A main topic of a workflow engine is the exception handling of tasks which failed during batch processing.
Luigi does not provide a pre-defined strategy for exception handling which have to be implemented individually
by the user, if possible. However, Luigi offers a mechanism for so called 'idempotent' tasks which are only run
once, given a specific set of parameters. Hereby, Luigi skipps complete tasks while running a pipeline
the second time after encounting an unresolvable dependency (i.e. a predecessor task which failed while execution).
A more detailed strategy for exception handling is given in the following sections.
Exception: Workflow Engine
Description:
Exception handling through the workflow engine (e.g. after power failure, ...)
Approaches:
ID | Process | Exception Handling |
---|---|---|
1 | None. | None. |
2 | Tasks are stored within a database and updated whenever a task terminates.
| While start up Luigi, check and re-run open pipeline tasks. |
A successful task (with a docker container as target) can be defined in different ways:
- Given, a result file with a specified format (Contra: additional effort for data handling, error-prone due file formatting)
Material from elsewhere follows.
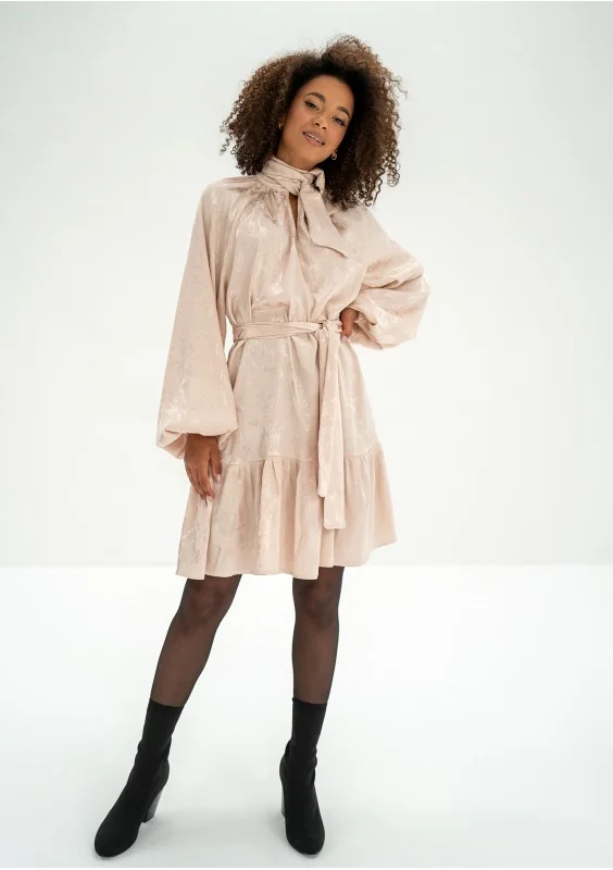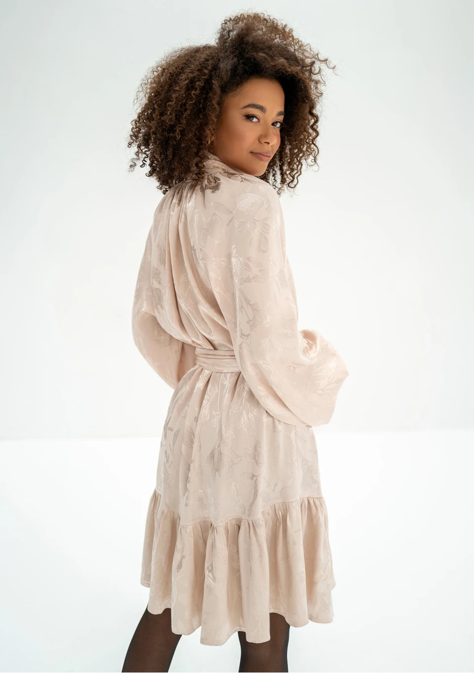 Beżowa sukienka z falbanką w eleganckim stylu, pięknie wyróżniająca się żakardowym zdobieniem faktury. Wykonana z komfortowej tkaniny wiskozowej.

- Exit code of the docker container is equal to 0.
The second approach seems more accurate due simplicity.
Exception: Algorithm
Description:
Exception handling through algorithm containers (e.g. invalid parameters, unreachable database ...)
Approaches:
ID | Process | Exception Handling |
---|---|---|
1 | None. | None. |
2 | An algorithm continuously saves results which are deleted if an exception is thrown.
Clean up results Terminate with an error Else: Terminate without an error | While encountering an exception, clean up inconsistent results and terminate container with an error. |
3 | An algorithm persistently saves all or none results.
Terminate with an error Else: Save results Terminate without an error | Results are only saved if no exception was throws. Each algorithm is responsible for saving consistent results. |